* Information
########

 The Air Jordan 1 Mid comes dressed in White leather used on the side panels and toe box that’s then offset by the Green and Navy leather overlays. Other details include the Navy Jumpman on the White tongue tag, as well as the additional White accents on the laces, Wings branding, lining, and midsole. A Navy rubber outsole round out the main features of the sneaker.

########

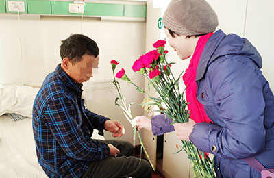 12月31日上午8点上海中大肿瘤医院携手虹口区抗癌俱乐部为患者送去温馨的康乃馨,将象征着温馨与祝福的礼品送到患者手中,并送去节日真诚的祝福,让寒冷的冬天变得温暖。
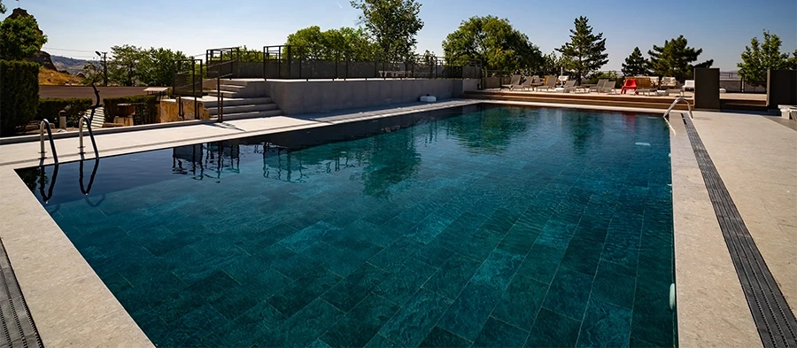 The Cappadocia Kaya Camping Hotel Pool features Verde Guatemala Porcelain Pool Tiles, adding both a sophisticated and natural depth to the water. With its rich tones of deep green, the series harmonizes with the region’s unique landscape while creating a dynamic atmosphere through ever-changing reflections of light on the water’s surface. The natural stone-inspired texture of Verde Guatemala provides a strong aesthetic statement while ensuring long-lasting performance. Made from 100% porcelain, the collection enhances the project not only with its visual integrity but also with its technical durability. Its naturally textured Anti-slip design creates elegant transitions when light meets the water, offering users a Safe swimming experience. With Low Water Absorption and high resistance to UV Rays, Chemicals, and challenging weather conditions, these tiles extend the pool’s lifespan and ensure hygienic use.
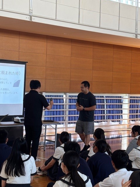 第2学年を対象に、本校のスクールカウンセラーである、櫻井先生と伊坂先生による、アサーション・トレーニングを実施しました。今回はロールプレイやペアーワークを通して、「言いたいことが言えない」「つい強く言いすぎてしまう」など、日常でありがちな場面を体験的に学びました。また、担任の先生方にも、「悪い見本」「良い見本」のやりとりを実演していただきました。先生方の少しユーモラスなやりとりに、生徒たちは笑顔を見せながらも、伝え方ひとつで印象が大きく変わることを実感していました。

########

* Task item
Using the data above, retype exactly and only the lines from the one containing "The Cappadocia Kaya" up to and including the one containing "第2学年を対象に、本校のスク", with no pictures carried over.

* Task solution
 The Cappadocia Kaya Camping Hotel Pool features Verde Guatemala Porcelain Pool Tiles, adding both a sophisticated and natural depth to the water. With its rich tones of deep green, the series harmonizes with the region’s unique landscape while creating a dynamic atmosphere through ever-changing reflections of light on the water’s surface. The natural stone-inspired texture of Verde Guatemala provides a strong aesthetic statement while ensuring long-lasting performance. Made from 100% porcelain, the collection enhances the project not only with its visual integrity but also with its technical durability. Its naturally textured Anti-slip design creates elegant transitions when light meets the water, offering users a Safe swimming experience. With Low Water Absorption and high resistance to UV Rays, Chemicals, and challenging weather conditions, these tiles extend the pool’s lifespan and ensure hygienic use.
 第2学年を対象に、本校のスクールカウンセラーである、櫻井先生と伊坂先生による、アサーション・トレーニングを実施しました。今回はロールプレイやペアーワークを通して、「言いたいことが言えない」「つい強く言いすぎてしまう」など、日常でありがちな場面を体験的に学びました。また、担任の先生方にも、「悪い見本」「良い見本」のやりとりを実演していただきました。先生方の少しユーモラスなやりとりに、生徒たちは笑顔を見せながらも、伝え方ひとつで印象が大きく変わることを実感していました。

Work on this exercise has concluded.